Aim of the task | Write the entries out again exactly as they stand, but without the pictures.

[Data extracted from a collection]
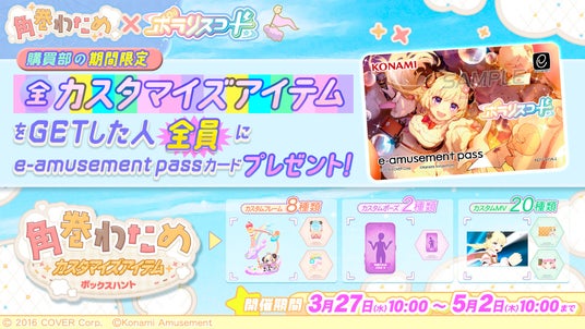 「e-amusementサイト」内の「購買部」にて、『角巻わため』の全カスタマイズアイテムを購入した方全員に「『角巻わため』×『ポラリスコード』e-amusement passカード」をプレゼントします。
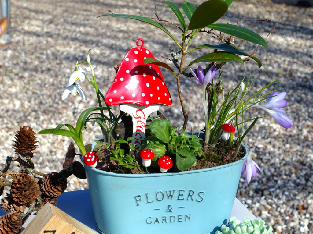 Hier biete ich derzeit bepflanzte Schalen mit Frühlingsblumen an, pro Stück 6 Euro. Details zu den Blütenschalen zeige ich hier.
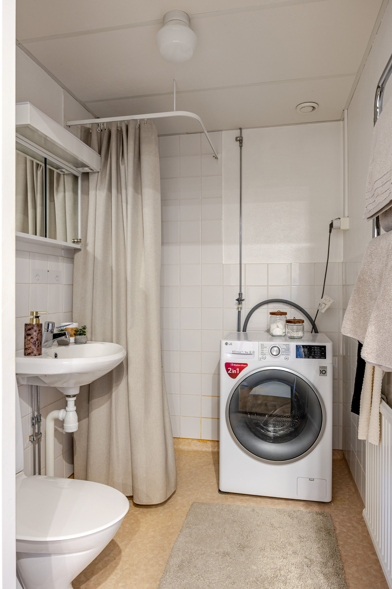 Badrummet är fräscht med halvkaklade väggar och erbjuder allt du behöver i vardagen. Här finns dusch, handfat med spegelskåp, toalett samt den ovärderliga tvättmaskinen som ger extra bekvämlighet
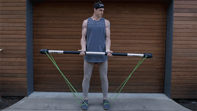 分割可能なアルミ合金製チューブ、強度毎に交換可能なレジスタンスバンドからなるR3BARが1本で全身のエクササイズを可能にします。
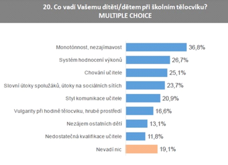 Můžeme vidět, že v hlavní roli se opět ocitá ten, kdo řídí a organizuje výuku, tedy učitel/ka. Jeden údaj je ale pozitivní, že jedné pětině dětí nevadí v hodinách TV nic. „Není to ale málo, Antone Pavloviči?“ Každý z nás by měl podle svých individuálních možností přispět k nápravě tohoto stavu a úsilí společnosti představované orgány státní moci i správy by mělo vést k tomu, aby školní tělesná výchova přestala být mezi ostatními předměty nemilovanou Popelkou, ale stala se plnohodnotnou součástí výchovně vzdělávacího procesu.
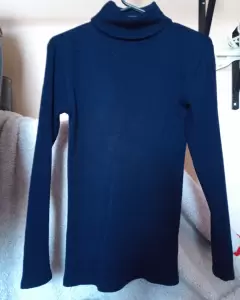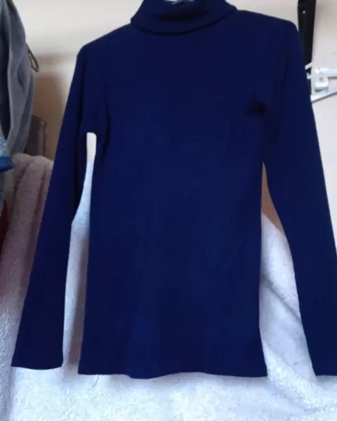 Suéter de cuello se tortuga. Blusa azulManga largaDe cuello de tortugaTalla chica medianaLa tela estiraTotalmente nueva.Nunca la he usado pero no tiene etiqueta.

Answer to this exercise |
 「e-amusementサイト」内の「購買部」にて、『角巻わため』の全カスタマイズアイテムを購入した方全員に「『角巻わため』×『ポラリスコード』e-amusement passカード」をプレゼントします。
 Hier biete ich derzeit bepflanzte Schalen mit Frühlingsblumen an, pro Stück 6 Euro. Details zu den Blütenschalen zeige ich hier.
 Badrummet är fräscht med halvkaklade väggar och erbjuder allt du behöver i vardagen. Här finns dusch, handfat med spegelskåp, toalett samt den ovärderliga tvättmaskinen som ger extra bekvämlighet
 分割可能なアルミ合金製チューブ、強度毎に交換可能なレジスタンスバンドからなるR3BARが1本で全身のエクササイズを可能にします。
 Můžeme vidět, že v hlavní roli se opět ocitá ten, kdo řídí a organizuje výuku, tedy učitel/ka. Jeden údaj je ale pozitivní, že jedné pětině dětí nevadí v hodinách TV nic. „Není to ale málo, Antone Pavloviči?“ Každý z nás by měl podle svých individuálních možností přispět k nápravě tohoto stavu a úsilí společnosti představované orgány státní moci i správy by mělo vést k tomu, aby školní tělesná výchova přestala být mezi ostatními předměty nemilovanou Popelkou, ale stala se plnohodnotnou součástí výchovně vzdělávacího procesu.
 Suéter de cuello se tortuga. Blusa azulManga largaDe cuello de tortugaTalla chica medianaLa tela estiraTotalmente nueva.Nunca la he usado pero no tiene etiqueta.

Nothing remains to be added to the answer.